Does anyone experienced missing steps in autonomous mode?

dummi · ‎02-28-2011

We have seen our robot missing some steps in the autonomous sequence sometimes , we are wondering if some one has identified the root cause for this behavior.

FTC · ‎03-02-2011

We have the problem too! It's missing the (Wait For Time) sometimes so the motor stops before the time counts. Need help!

BTreece · ‎03-03-2011

It is possible that you are running into what are called race conditions. This occurs when you do not direct the flow of your program. In LabVIEW your program executes as data is available. If you want to make sure that something executes in a certain order, you can utilize a sequence structure. A sequence structure will make sure that everything in one sequence is complete before moving to the next. This should solve your issue.

Brandon T.

National Instruments

JX.Y · ‎03-03-2011

I checked the advanced programming manual and it says NXT only supports one-step sequence structure. Will that work to strict the program flow too? I have tried the multi-step sequence structure and it made LabVIEW won't download the program to NXT (Error 1003).

I have also tried using the iteration count. But it didn't work as I expected. I set the loop to 200Hz but it didn't stop the motor after 200 counts, which I was assuming to be after 1 second. Am I wrong about that?

Thank you so much!

BTreece · ‎03-04-2011

Yes that will work as well. All you need to do is run a wire from you program through that structure so that the porgram is forced to go through the sequence structure.

When you use loop timing it is setting the speed at which you would like the loop to operate. You do this by adding a loop delay. You could implement some logic that will cause your loop to stop or change to a new state after 200 iterations which would change the state of your motors.

Brandon T.

National Instruments

msbutler · ‎05-03-2011

Well, this is a bit wordy, but I think I've discovered the essence of this problem after discussing this issue at length with both National Instruments rep Jeff Steele and with Team 3658 (BOSON - Subatomic Particles, finished #2 in Edison division) last week at the World Championships. We think that the problem is actually within the sub-VI for moving the motors in "position" mode. On the FTC site, I noted that the problem was also seen by some teams using ROBOTC, while we were experiencing the problem in LabVIEW. However, based on what I think is actually happening, it doesn't surprise me that the problem would occur in either program.

What happens is this - when you are using the "position" sub-VI, you are telling the motor to turn a certain number of rotations or degrees (for example, "move from 0 to +8130"). However, the Tetrix encoders will sometimes throw out a spurious number (e.g., 1, 2, 3, 4, 8450, 6, 7). If that spurious number is higher than the limit set by your program for the move (e.g., +8130), then the sub-VI will immediately consider the move "finished" and move to the next step. So the program is not actually "skipping" a step, it is just receiving an erroneous input that tells it to finish the move early. That's why sometimes it appears to skip a step altogether, while at other times it appears to "stop short" in the middle of a move (i.e., not complete a move).

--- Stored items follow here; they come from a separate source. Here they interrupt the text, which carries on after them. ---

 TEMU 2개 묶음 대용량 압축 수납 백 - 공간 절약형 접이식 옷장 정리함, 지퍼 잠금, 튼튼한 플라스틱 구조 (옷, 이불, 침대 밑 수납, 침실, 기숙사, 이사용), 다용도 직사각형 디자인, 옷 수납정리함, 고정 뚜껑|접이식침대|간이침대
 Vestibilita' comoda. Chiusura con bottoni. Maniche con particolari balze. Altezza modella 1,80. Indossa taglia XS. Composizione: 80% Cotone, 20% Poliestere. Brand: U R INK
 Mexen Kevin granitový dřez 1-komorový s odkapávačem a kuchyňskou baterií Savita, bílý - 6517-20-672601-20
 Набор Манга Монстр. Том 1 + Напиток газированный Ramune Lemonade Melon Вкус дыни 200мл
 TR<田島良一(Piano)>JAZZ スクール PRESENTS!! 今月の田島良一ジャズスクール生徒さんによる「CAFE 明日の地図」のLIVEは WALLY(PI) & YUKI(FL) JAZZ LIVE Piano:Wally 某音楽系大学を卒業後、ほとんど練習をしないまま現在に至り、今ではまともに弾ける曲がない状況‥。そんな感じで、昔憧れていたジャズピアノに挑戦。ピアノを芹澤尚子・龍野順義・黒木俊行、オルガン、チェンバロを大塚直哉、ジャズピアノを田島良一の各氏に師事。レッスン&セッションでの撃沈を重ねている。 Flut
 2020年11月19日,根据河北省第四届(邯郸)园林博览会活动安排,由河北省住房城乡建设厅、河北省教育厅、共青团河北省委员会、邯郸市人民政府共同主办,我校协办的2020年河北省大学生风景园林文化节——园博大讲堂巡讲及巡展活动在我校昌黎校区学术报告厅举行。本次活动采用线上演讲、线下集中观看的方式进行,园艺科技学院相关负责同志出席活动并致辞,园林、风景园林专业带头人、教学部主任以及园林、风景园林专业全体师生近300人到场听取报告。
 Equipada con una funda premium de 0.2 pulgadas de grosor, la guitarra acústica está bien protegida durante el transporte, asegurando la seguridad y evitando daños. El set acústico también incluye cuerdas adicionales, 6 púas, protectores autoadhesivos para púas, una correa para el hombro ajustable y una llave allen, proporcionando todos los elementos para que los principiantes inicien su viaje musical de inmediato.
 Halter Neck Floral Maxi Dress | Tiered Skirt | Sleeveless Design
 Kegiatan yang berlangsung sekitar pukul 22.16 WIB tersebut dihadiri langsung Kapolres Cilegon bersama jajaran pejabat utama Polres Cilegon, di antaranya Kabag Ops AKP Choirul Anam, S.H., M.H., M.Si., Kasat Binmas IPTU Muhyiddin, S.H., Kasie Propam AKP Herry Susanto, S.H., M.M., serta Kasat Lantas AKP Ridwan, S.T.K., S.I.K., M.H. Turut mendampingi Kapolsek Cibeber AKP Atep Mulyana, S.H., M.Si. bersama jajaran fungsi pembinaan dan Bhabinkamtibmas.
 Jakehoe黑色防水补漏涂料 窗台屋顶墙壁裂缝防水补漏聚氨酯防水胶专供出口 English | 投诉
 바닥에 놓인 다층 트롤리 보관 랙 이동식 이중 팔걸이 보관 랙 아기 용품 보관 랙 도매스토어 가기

We figured that it must be some sort of HW issue somewhere in the encoder chain (encoder-encoder wire-motor controller-data cable-NXT) that causes the spurious signal, so we started replacing everything one at a time. At one point, after replacing the encoder cables themselves, it appeared to fix the problem (we ran our program 20 times straight with no errors). Unfortunately, the problem soon appeared again, and we were stumped.

However, the coach from 3658 told me that, after extensive research and doing all the things that we did, they solved the problem by switching from "position" mode for a move to "speed and time" mode - in other words, instead of telling the motor to move a certain number of degrees, they programmed it to move at a specified speed for a certain amount of time. This solves the problem because, even though the encoders may still occasionally throw out a spurious signal, the move is now bounded not by encoder position but by time, which is of course controlled by a very accurate clock in the NXT itself. So let's say you set the motor to move at 20 deg/sec for 6 seconds - the program is still using the encoders to get feedback on motor speed, but that won't create a program error in and of itself. The motor speed readings may be (20, 20, 20, 300, 20, 20, ...) - but that obviously erroneous reading in the middle is essentially smoothed out (i.e., the controller may send out a very brief signal to slow the motor down after reading 300, but it will immediately increase voltage to the proper level as soon as it reads the desired speed of "20" again). And that slight voltage surge starts and stops so quickly that it has no noticeable effect. So the move will continue to work until the 6 seconds is completed, at which point the program will go to the next move. The only way that the program could think that the move was completed "early" is if it received an erroneous clock signal from the NXT (which is very unlikely).

So we actually reprogrammed our robot in the middle of the World Championships last week to work in this "speed/time" mode, and sure enough, it seems to have solved the problem! Unfortunately, you need to be careful, as programming in "speed" mode can create new problems - when our robot locked up on a ramp during autonomous mode, the controller kept sending power to the wheels to try to get them up to the programmed speed - but since the robot wasn't able to move, the wheels were grinding on the ground, and the controller kept trying to increase the voltage to increase the speed to the set point. This resulted in us burning out BOTH motors during autonomous mode in one match, which sunk us. So we need to figure out a better way to handle error correction based on unexpected encoder readings.

In addition, we don't think that the speed/time mode is as accurate as position mode, so we had noticeably more variation in terms of where our robot ended up at the end of a series of moves. But this certainly seemed to be an acceptable trade-off given the alternative of just skipping steps in the middle of a position move!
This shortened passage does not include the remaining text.